小林麻央さんと感動ポルノ

以前の投稿で日本テレビの24時間テレビに対する違和感を書きました。そこで出てきた違和感は「感動ポルノ」と表現されています。「感動ポルノ」という言葉を使った、2014年12月に亡くなったコメディアン兼ジャーナリストのStella Young(ステラ・ヤング)氏のTEDでの講演を読んでみてください。
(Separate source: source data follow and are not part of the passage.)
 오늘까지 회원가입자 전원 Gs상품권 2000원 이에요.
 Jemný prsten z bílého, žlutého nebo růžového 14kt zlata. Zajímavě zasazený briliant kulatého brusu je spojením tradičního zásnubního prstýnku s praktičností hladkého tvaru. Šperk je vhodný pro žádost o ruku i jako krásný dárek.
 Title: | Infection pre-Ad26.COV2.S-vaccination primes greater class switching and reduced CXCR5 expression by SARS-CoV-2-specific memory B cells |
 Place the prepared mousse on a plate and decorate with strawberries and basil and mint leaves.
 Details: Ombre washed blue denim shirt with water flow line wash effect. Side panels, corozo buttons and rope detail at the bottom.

小林麻央さんが病気になってからブログを立ち上げました。このブログの目的は何かはわかりませんが、大変な反響があるようです。しかし、そのブログに対してのいろんな方のコメントは非常に違和感を感じます。24時間テレビで感じた違和感と同じ違和感です。つまり、感動ポルノと同種のものです。みなさん麻央さんのブログを読んだり、かつらを被ってくぼんだ目をした写真を見て、感動し、勇気づけられ、やる気を引き出されているようです。「自分の人生はうまく行っていないけれど、もっとひどい人だっているんだ」と思っているのです。「あんな大変な人もいるんだ」と思っているのです。そのようなコメントが何千件も寄せられているのです。もちろん、同じような病気になり、励ましあうようなコメントを載せている方もいますが、それ以外の人のコメントは実に軽々しく、逆に怖くなってきます。
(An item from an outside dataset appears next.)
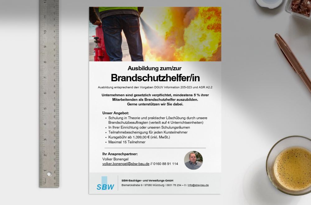 Unternehmen sind verpflichtet, mindestens 5 % ihrer Mitarbeitenden als Brandschutzhelfer auszubilden. Mit unserem neuen Schulungsangebot unterstützen wir Sie dabei, diese gesetzliche Vorgabe fachgerecht umzusetzen.
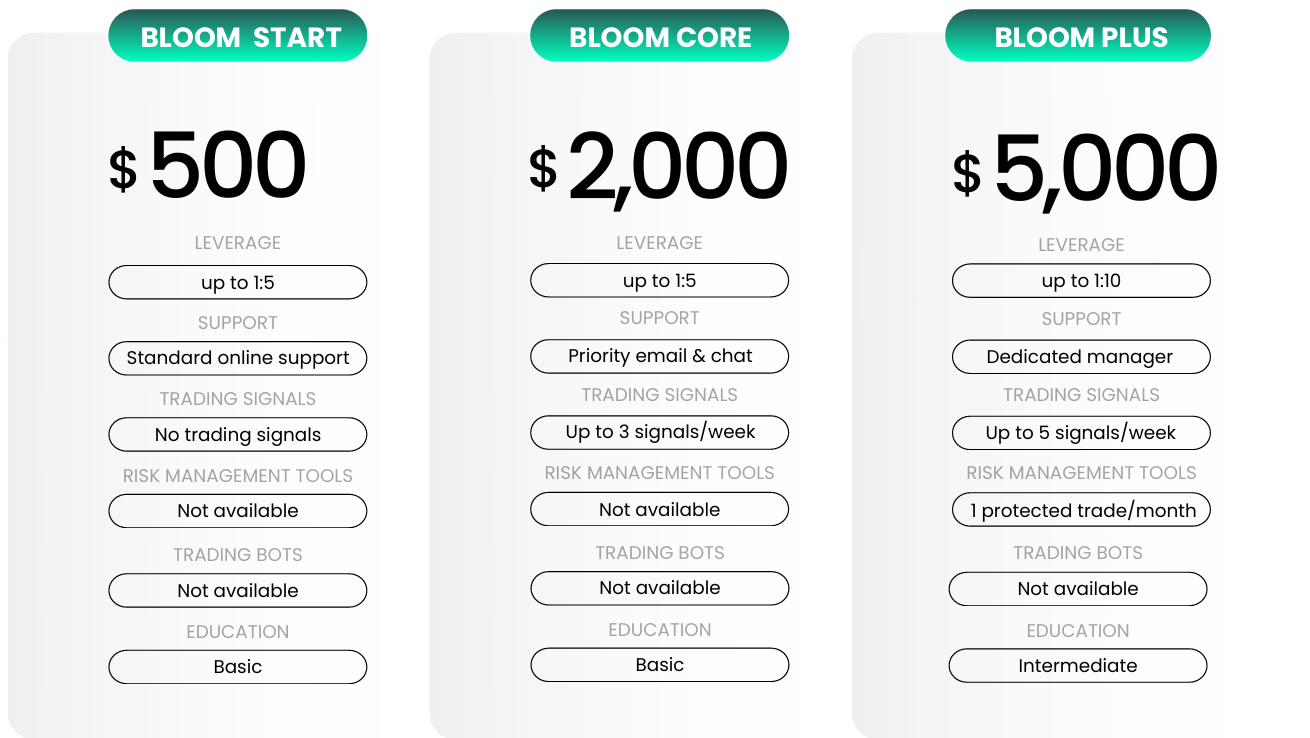 Линейка счетов у BloomX выстроена по классической восходящей модели: чем выше депозит, тем шире набор доступных сервисов. Вход начинается с $500 и плеча до 1:5. На базовом уровне пользователь получает доступ к рынку, стандартную поддержку и обучение без дополнительных инструментов.

「私も日々がんばろうという力をもらえました。」「麻央ちゃん、ありがとう。いつも元気をもらってます。」「わぁ~美味しそう。」「まおちゃんのフレンチトースト見たら食べたくなって、今日はいつもよりちょっとだけ早起きして作ってみました。」「麻央さんが幸せな気分になれて、私もとっても嬉しいです!」「麻央さん、いつも輝いていて、とっても素敵です。」「自分を 甘やかして 大いに 良いんですよ~」「ストレスを溜めない事が1番です」「大丈夫、治りますよ。」「まおちゃんから、言葉のお薬を頂きました。」「毎日祈ってます、麻央さんを治してください神様。」「がんばって下さい。私もがんばります。」「今を楽しみましょう!」「ホテルの朝食みたいです」「あなたは皆の希望」「麻央ちゃん、心の声言えて良かったね♪」「絶対!奇跡起こります!病は気から!ですよね!」「絶対大丈夫!麻央さん、奇跡を起こそう!!」

このようなコメントがずらり並びます。どう思いますか?「がんばってほしいな」「治って欲しいな」という気持ちはわかります。私も普通にそう思います。幼い子供たちのためにも。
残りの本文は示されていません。